■ **Task prompt**:
Nothing outside the range is to be copied. From the entries below, reproduce exactly the lines starting at the one with "Изысканная Стенка Палермо-3, изготовленная" and ending at the one with "- Dipasangkan winglet", without pictures.

■ **Records for processing**:
◇ ◇ ◇ ◇

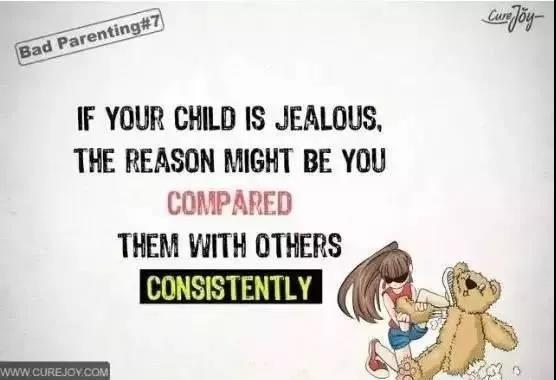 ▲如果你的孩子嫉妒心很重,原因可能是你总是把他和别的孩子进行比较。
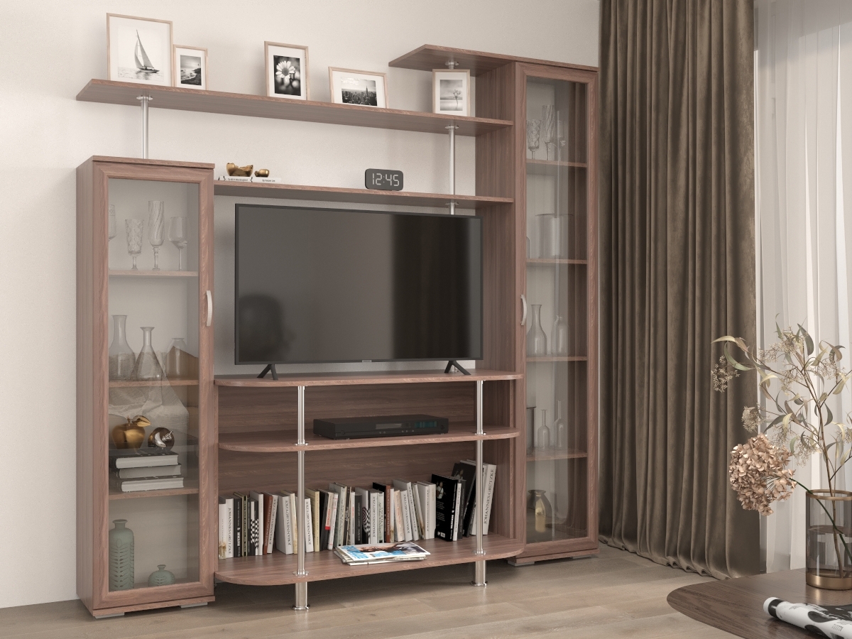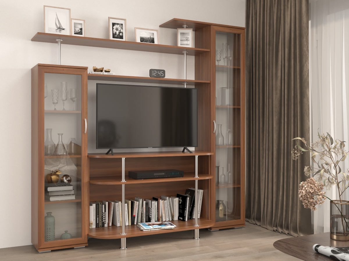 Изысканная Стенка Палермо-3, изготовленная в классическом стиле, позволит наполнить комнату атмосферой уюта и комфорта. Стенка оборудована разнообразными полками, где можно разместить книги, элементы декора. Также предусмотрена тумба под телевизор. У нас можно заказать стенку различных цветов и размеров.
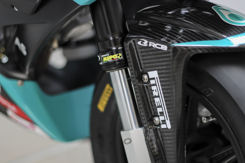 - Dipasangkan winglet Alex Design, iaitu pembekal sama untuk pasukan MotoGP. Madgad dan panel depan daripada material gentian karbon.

◇ ◇ ◇ ◇

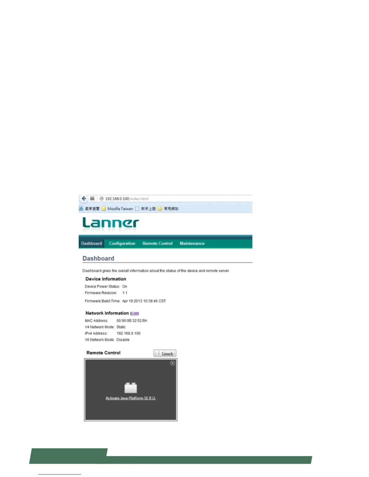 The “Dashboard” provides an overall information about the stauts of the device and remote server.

◇ ◇ ◇ ◇

■ **Output for this exercise**:
 Изысканная Стенка Палермо-3, изготовленная в классическом стиле, позволит наполнить комнату атмосферой уюта и комфорта. Стенка оборудована разнообразными полками, где можно разместить книги, элементы декора. Также предусмотрена тумба под телевизор. У нас можно заказать стенку различных цветов и размеров.
 - Dipasangkan winglet Alex Design, iaitu pembekal sama untuk pasukan MotoGP. Madgad dan panel depan daripada material gentian karbon.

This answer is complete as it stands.